Klf4 interacts with pNF-κB during inflammation. (A) Immunoblot analysis of pNF-κB levels from total cellular extracts upon LPS treatment of BV-2 cells. The graph represents pNF-κB levels relative to untreated control sample at different time points. There is a significant increase in pNF-κB expression at all time points of LPS treatment compared to control. (B) Immunoblot and immunoprecipitation analysis of the interaction between pNF-κB and Klf4 in nuclear extracts of differently treated cells.
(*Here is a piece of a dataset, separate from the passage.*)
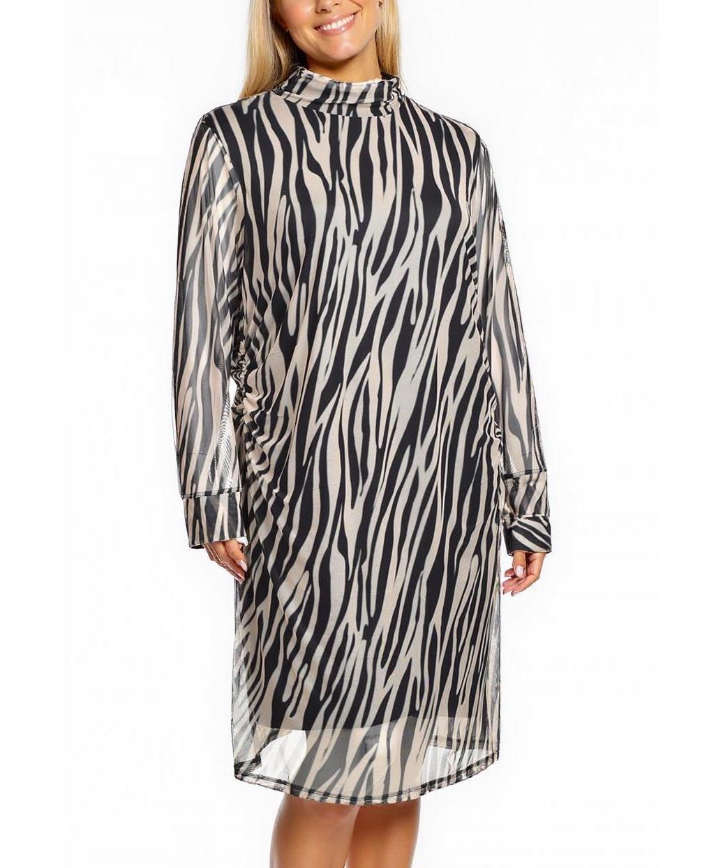 Миди рокля с ефектен зебра принт, полупрозрачен шифонен слой, дълги ръкави и надигната яка с къдри. Свободна кройка, подходяща за официални и ежедневни визии, лесна за поддръжка. Възможност за коланXL

Samples were 'pulled' down with a pNF-κB antibody. Lane A shows the blot for Klf4 in the upper panel and for pNF-κB in the lower panel in immunoprecipitate using anti-pNF-κB antibody, and lane B shows the same for immunoprecipitate using rabbit IgG as a control. *, **, Statistical differences in comparison to control values (* p < 0.05, ** p < 0.01).